Soon, another mosasaurus was found in the Volga region (a shark face, only worse). Fate treated him more kindly.

Soon the whole of Penza was gossiping about the lizard. Rumors circulated one more absurdly than the other, no one understood anything. Someone claimed that they had found the grave of a mammoth and the bones of an ancient man. Someone said that they were digging either sea-

a European frog, or an antediluvian hippopotamus. In one church, a priest preached a sermon that the bones belonged to an ancient beast that did not fit into Noah’s ark.

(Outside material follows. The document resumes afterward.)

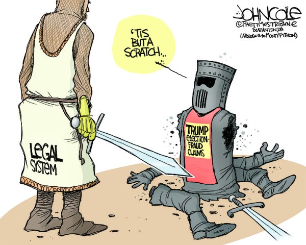Which is why a large segment of our population is under the impression that there was massive fraud in the recent election, despite assurances from people in authority that no evidence of widespread fraud has been found, as well as obvious holes in theories about a stolen election (seriously, if the fix was in, wouldn’t Mitch McConnell and Lindsey Graham have been defeated?).
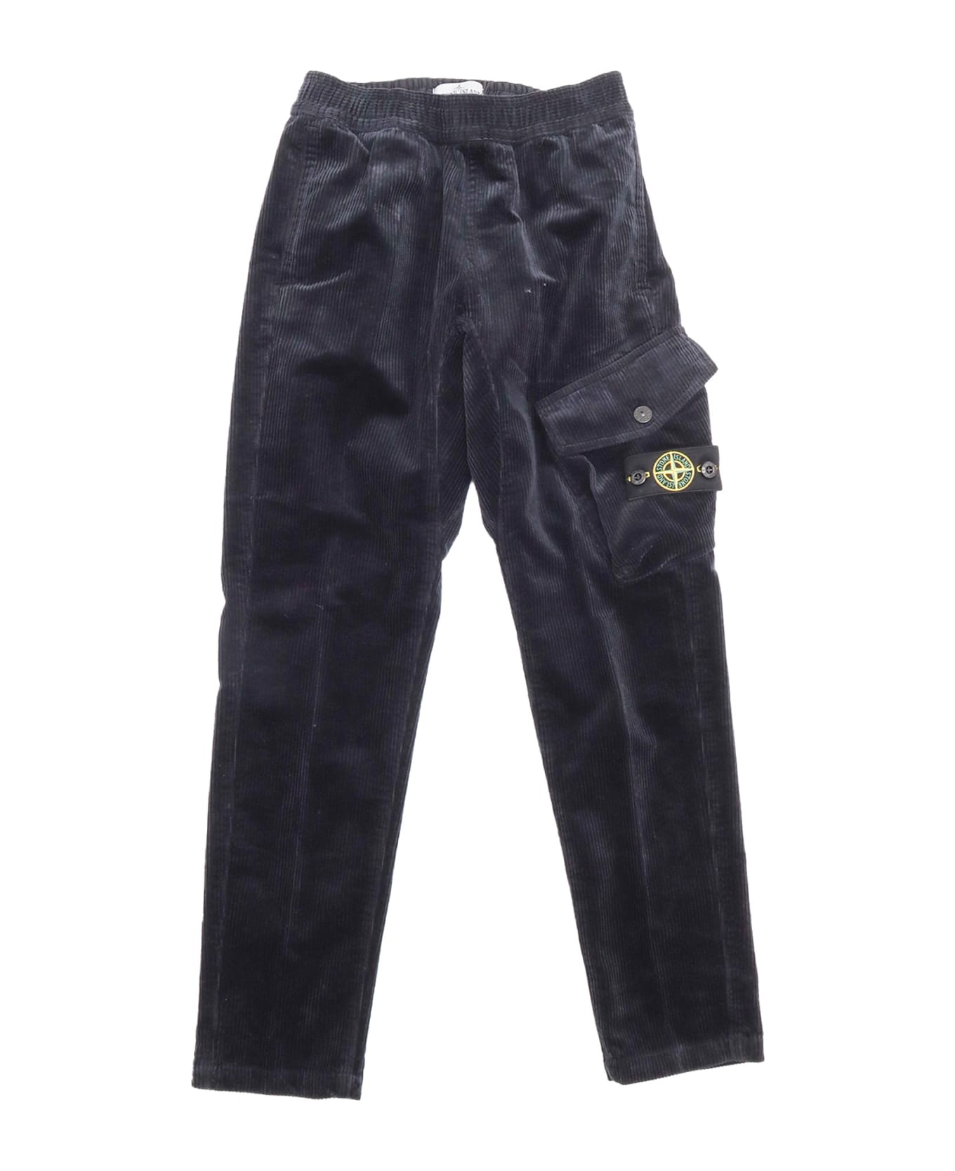 Dark blue corduroy pants, side pockets, removable logo label, zipped side pocket, back pockets, belt loops, elasticated waist Composition: 75% Cotton 24% Lyocell 1% Elastane / Spandex

For the first time, the remains of Russian pterosaurs were discovered by geologist V.G. Khimenkov in the chalk sands near the village of Malaya Serdoba, Penza region. They were described by paleontologist N.N. Bogolyubov in 1914.

In the sand near the village of Rasstrigin, Volgograd region A.A. Yarkov collected individual bones of ornithocheiridae - flying dinosaurs of the Cretaceous period, the size of a large eagle.

A fragment of the jaw of an ornithocheirus from the genus Lonchodectes was found near the Melovatka farm in the Volgograd region by members of an expedition of the Paleontological Institute led by E.N. Kurochkina.

Not far from the site of this find, in the vicinity of the former Zakharyevsky mine V.M. Efimov once noticed a huge vertebra the size of a bucket and weighing about 30 kilograms. The bone is very unusual. V.G. Ochev believed that this could be the vertebra of a giant crocodile.

Father Frost and Father From the Sea wish everyone a peaceful life.